PyCaret is a convenient entree into machine learning and a productivity tool for experienced practitioners. It gives scientists and analysts a simple, concise, low-code interface into many of the most popular and powerful machine learning libraries in the data science ecosystem, making it easy to start exploring new techniques or datasets. The clear, concise code that PyCaret users generate is also easy for collaborators and teammates to read and adapt, whether these colleagues are new to the field or experienced data scientists.
PyCaret was initially built to wrap many useful Python libraries and common tasks into concise repeatable components, making it easy to construct pipelines with the minimal number of statements. Today, PyCaret still utilizes many modules that will be familiar to Pythonistas: Pandas and Numpy for data wrangling, Matplotlib, Plotly and Seaborn for visualization, scikit-learn and XGBoost for modeling, Gensim, Spacy and NLTK for natural language processing, among others.
Building a Pipeline
While the internals and usage have changed considerably from the first version to PyCaret 2.2, the experience is still rooted in the same goal: simple efficiency for the whole model development lifecycle. This means that you can utilize PyCaret to go from raw data through training, tuning, interpretability analysis, to model selection and experiment logging, all with just a few lines of code.
Let’s walk through each step of building a classification pipeline in PyCaret.
You can quickly try out PyCaret in the pre-configured example project here: PyCaret Project on Domino. If you’d like to install it in another Domino compute environment or using a Docker image elsewhere, you can add the following RUN statement to add PyCaret 2.2.2 (and dependencies required for this walk-through):
RUN sudo apt-get purge python-numpy -y && sudo apt-get autoremove --purge python-numpy -y && sudo pip uninstall numpy -y && sudo pip install numpy==1.17 && sudo pip install pycaret==2.2.2 && sudo pip install shap==0.36.0
Or you can install with pip (though you may want to do this in a virtual environment if you’re not using Docker):
pip install pycaret
For this example I started with a Domino Analytics Distribution base environment.
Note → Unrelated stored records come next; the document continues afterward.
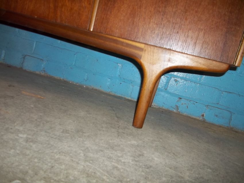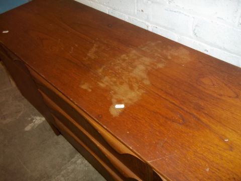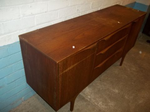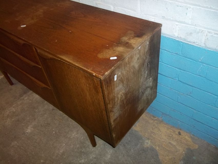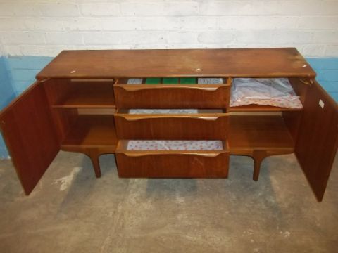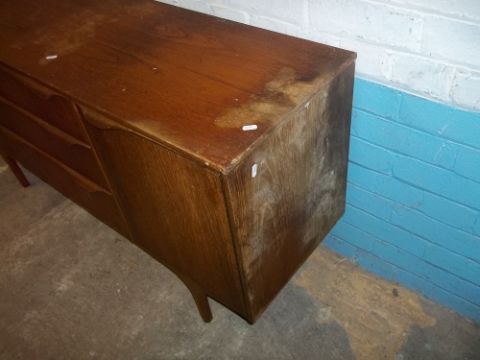 A RETRO TEAK SIDEBOARD IN NEED OF COSMETIC RESTORATION
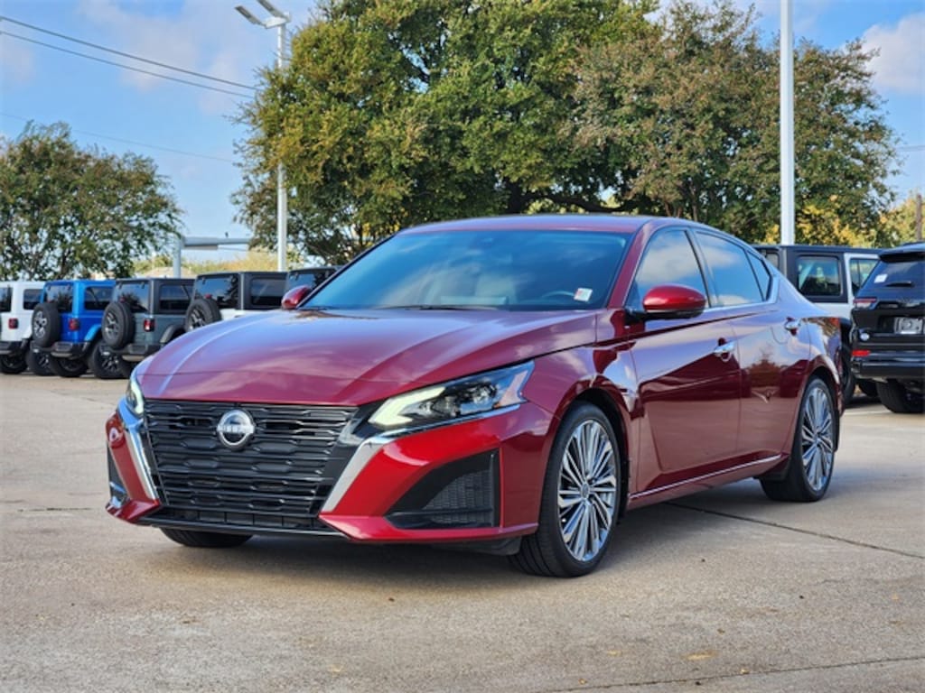 CARFAX One-Owner. Scarlet Ember 2024 Nissan Altima 2.5 SL 2.5 SL CVT with Xtronic 2.5L 4-Cylinder DOHC 16V FWD CVT with Xtronic, 19" Unique Alloy Wheels, 4-Wheel Disc Brakes, 9 Speakers, ABS brakes, Air Conditioning, Alloy wheels, AM/FM radio: SiriusXM, Auto High-beam Headlights, Automatic temperature control, Blind Spot Warning, Body-Colored Splash Guards, Brake assist, Bumpers: body-color, Compass, Delay-off headlights, Driver door bin, Driver vanity mirror, Dual front impact airbags, Dual front side impact airbags, Electronic Stability Control, Emergency communication system: NissanConnect Services, Floor Mats/Trunk Mat/Hideaway Net, Four wheel independent suspension, Front anti-roll bar, Front Bucket Seats, Front Center Armrest, Front dual zone A/C, Front reading lights, Fully automatic headlights, Heated Front Bucket Seats, Heated front seats, Heated steering wheel, Illuminated entry, Illuminated Kick Plates, Knee airbag, Leather Shift Knob, Leather steering wheel, Leather-Appointed Seat Trim, Low tire pressure warning, Navigation System, NissanConnect featuring Apple CarPlay, Occupant sensing airbag, Outside temperature display, Overhead airbag, Overhead console, Panic alarm, Passenger door bin, Passenger vanity mirror, Power door mirrors, Power driver seat, Power moonroof, Power passenger seat, Power steering, Power windows, Radio data system, Radio: AM/FM w/Bose Premium Sound System, Rear anti-roll bar, Rear Parking Sensors, Rear reading lights, Rear seat center armrest, Rear side impact airbag, Rear window defroster, Remote keyless entry, Security system, Speed control, Speed-sensing steering, Speed-Sensitive Wipers, Split folding rear seat, Steering wheel mounted audio controls, Tachometer, Telescoping steering wheel, Tilt steering wheel, Traction control, Trip computer, Trunk Organizer Tray, Turn signal indicator mirrors, and Variably intermittent wipers.
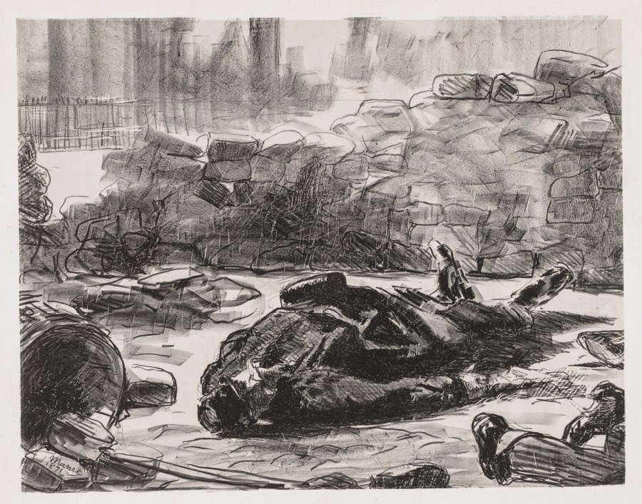 Capturing the violence and chaos of the Paris Commune's brutal suppression, this lithograph demonstrates Manet's commitment to documenting contemporary political events with unflinching realism.

Depending on your starting environment you may also need to install Pandas and some additional dependencies that ship with Domino Analytics Distributions.
You can verify you have everything installed by importing packages as follows:
import pycaret print('Using PyCaret Version', pycaret.__version__) print('Path to PyCaret: ', pycaret.__file__) import os import pandas as pd from pycaret.classification import * from pycaret import datasets
There are two ways to register your data into PyCaret: via the repository or a Pandas dataframe. Let’s take a look at each method.
Loading a Dataframe with Pandas
The first way to get data into PyCaret is simply to load up a Pandas dataframe and then pass it to PyCaret.
data_path = os.path.join(os.environ['DOMINO_WORKING_DIR'], 'mushrooms.csv') print('Data path: ', data_path) data = pd.read_csv(data_path) data.head()
Using the Data Repository
The second way of getting data, which is used in the PyCaret tutorials, is to pull in a curated dataset from the PyCaret Data Repository. The repository helpfully includes popular sample datasets for classification, regression, clustering, NLP, etc. (Last I checked, the repository contained 56 datasets, a sample of which are shown here.) You can list all the datasets available in the repository, and see associated metadata:
all_datasets = pycaret.datasets.get_data('index')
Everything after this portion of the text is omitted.